Unfortunately, no subjective ratings have been collected for the spontaneous dialogs d5, d7, or d8. However, we use the speech features in order to have more instances with which to train and test the models.

**I assume** that the speakers' trait classes remain constant across recordings, that is, is a speaker is perceived as 'high' in the _intelligent_ trait for dialog 6 (d6, pizza dialog), then this perception would be the same for the other dialogs uttered by the same speaker.

In [None]:
# load speech features

path = "https://raw.githubusercontent.com/laufergall/ML_Speaker_Characteristics/master/data/extracted_features/"

url = path + "/eGeMAPSv01a_semispontaneous_splitted.csv"
s = requests.get(url).content
feats =pd.read_csv(io.StringIO(s.decode('utf-8')), sep = ';') # shape: 3591, 89

feats.describe()

Pre-processing features with the transformation **learnt with training data**:

* center and scale speech features

In [None]:
# Separate instances according to the train and test partition
# instances corresponding to speakers in the mid class will be left out

# extract speaker ID from speech file name
feats['spkID'] = feats['name'].str.slice(2, 5).astype('int')

# appending class label
feats_class_train = pd.merge(feats, scores_train[['spkID','genderclass','class']], how='inner')
feats_class_test = pd.merge(feats, scores_test[['spkID','genderclass','class']], how='inner')

print('Number of high instances in Train:', len(feats_class_train.loc[feats_class_train['class']=='high']) )
print('Number of low instances in Train:', len(feats_class_train.loc[feats_class_train['class']=='low']) )
print('Number of high instances in Test:', len(feats_class_test.loc[feats_class_test['class']=='high']) )
print('Number of low instances in Test:', len(feats_class_test.loc[feats_class_test['class']=='low']) )

feats_class_train.head()

In [None]:
# Standardize speech features  

# save feature names
feats_names = list(feats_class_train.drop(['name','spkID','genderclass','class'],axis=1))

myfile = open(r'.\data_while_tuning\feats_names.csv', 'w')
for item in feats_names:
    myfile.write("%r\n" % item)

# learn transformation on training data
scaler = StandardScaler()
scaler.fit(feats_class_train.drop(['name','spkID','genderclass','class'],axis=1))

# numpy n_instances x n_feats
feats_s_train = scaler.transform(feats_class_train.drop(['name','spkID','genderclass','class'],axis=1))
feats_s_test = scaler.transform(feats_class_test.drop(['name','spkID','genderclass','class'],axis=1)) 

## Model tuning with feature selection

Use the train data to find the classifier and its hyperparameters leading to the best performance. 

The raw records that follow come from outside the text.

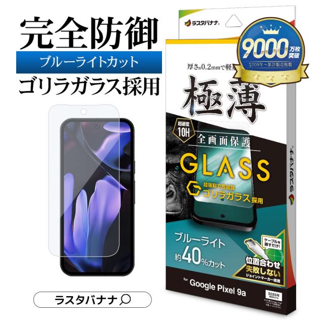 【送料無料】Google Pixel 9a ガラスフィルム 全面保護 ブルーライトカット 高光沢 透明 0.2mm 薄型 極薄 高感度 ゴリラガラス採用 指紋認証対応 簡単貼り付けガイド 硬度10H グーグルピクセル 保護フィルム GGE4691P9A ラスタバナナ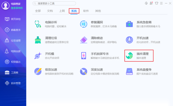 当我们给电脑安装新的软件时,系统会自动为软件加载与其相关的插件或组件,但是这些插件并不是全部有用的,一些多余的插件只会占用我们的存储空间,可能还会造成不必要的卡顿,因此对于无用的插件,我们可以使用腾讯电脑管家进行清理。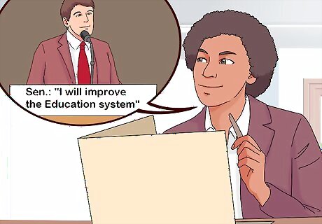 Familiarize yourself with different candidates’ stances. Educate yourself on the upcoming elections in order to get to know the different candidates and what they stand for. Watch the news and debates on TV, and do some research online on websites like USA.gov to stay informed and to determine which candidates you should support in order to help improve the education system. Pay attention to all elections, from local board of education elections to presidential elections. These are all important and influential in different ways. If you aren’t sure which candidate values education more, consider supporting the one who wants to support and encourage teachers, improve school structure, and/or make higher education more accessible.

Perform feature selection with "SelectKBest": selecting best k features based on ANOVA F-value computed between class label and feature. k ranging from 2 to total number of features in intervals of 5.

In [None]:
"""
Summarize results of cross-validation on set A for hyperparameter tuning

Inputs:
- cname: classifier name
- grid_result: gridsearch results for this classifier, output of grid.fit(AX, Ay)  
- filename: filename with path to write the summary to
"""
def summary_tuning(cname, grid_result, filename):
    
    means = grid_result.cv_results_['mean_test_score']
    stds = grid_result.cv_results_['std_test_score']
    params = grid_result.cv_results_['params']

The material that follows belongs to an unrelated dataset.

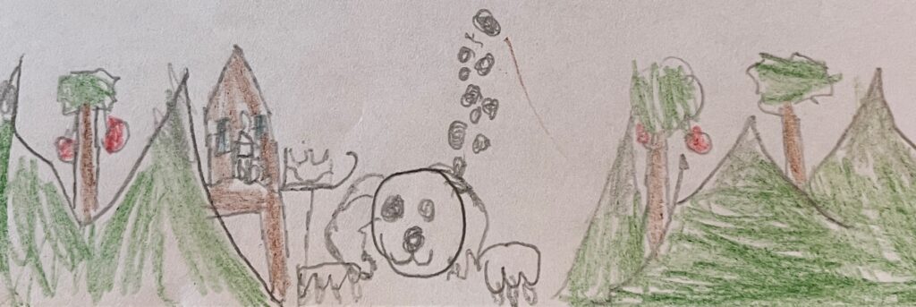 Lily has drawn Bandit listening out for the sound of the sea, so he can find his way home.

    # print best result and append to our lists
    print("%r -> Best cross-val score on A set: %f using %s" % (cname, grid_result.best_score_, grid_result.best_params_))
    
    # dataframe with summary    
    d = {
        'model': cname, 
        'mean_acc_A': means, 
        'stdev_acc_A': stds, 
        'params': params, 
    }
    df = pd.DataFrame(data = d) 
    df.to_csv(filename, index=False)
      
                           
        

"""
Perform nested hyperparameter tuning.
Given training data splitted into A, B sets and for each classifier type:
Stratified cross-validation for feature selection and hyperparameter tuning using set A
Generates csv file with summary of hp tuning (set A)
Evaluate the performance on set B and return accs

Input:
- AX and BX: features of the train set, splitted
- Ay and By: labels of the train set, splitted
- get_cls_functions: list of functions tho get classifier and dict of hp to tune

Output: 
- cls_acc_hps: pandas dataframe with:
    - classifiers names
    - classifiers hyperparameters
    - selected features
    - accuracies on B set
    of each tuned classifier corresponding to get_cls_functions
- trained_cls_list: list of classifiers tuned and trained on (AX+BX)
"""    

def hp_tuner(AX, BX, Ay, By, get_cls_functions):

    # init lists (there will be one element per classifier in get_cls_functions)
    
    classifiers_names = []
    classifiers = []
    hparam_grids = []
    best_accs = [] # on the B set
    best_hps = [] # determined with CV on A
    sel_feats_i = [] # indexes of selected features
    sel_feats = [] # names of selected features
    trained_cls_list = [] # tuned classifier trained on X,y
    
    # iterate over list of functions 
    # to get classifiers and parameters and append to our lists

    for fn in get_cls_functions:     
        clsname, cls, hp = fn()
        classifiers_names.append(clsname)
        classifiers.append(cls)
        hparam_grids.append(hp)
        
    # tune hyperparameters with GridSearchCV for each classifier
    
    for i in np.arange(len(classifiers)):

        # create pipeline
        pipe = Pipeline([
            ('selecter', SelectKBest(f_classif, k=4)),
            ('classifier', classifiers[i])
        ])
        
        # feature selection params
        fsel_params = dict(
            selecter__k = np.arange(2, AX.shape[1], 5)
        )

        # feature selection params and classifier's params for param_grid: 
        all_params = {**fsel_params, **hparam_grids[i]}
        
        # perform grid search
        grid = GridSearchCV(estimator=pipe,
                            param_grid=all_params,
                            scoring='recall_macro', # average per-class accuracy 
                            n_jobs=1,
                            cv=10)
        
        # This might take a while:
        grid_result = grid.fit(AX, Ay) 
        
        # summary of hp tuning on set A
        # generate one csv file per classifier
        summary_tuning(classifiers_names[i], 
                       grid_result, 
                       r'.\data_while_tuning\%s_tuning.csv' % classifiers_names[i])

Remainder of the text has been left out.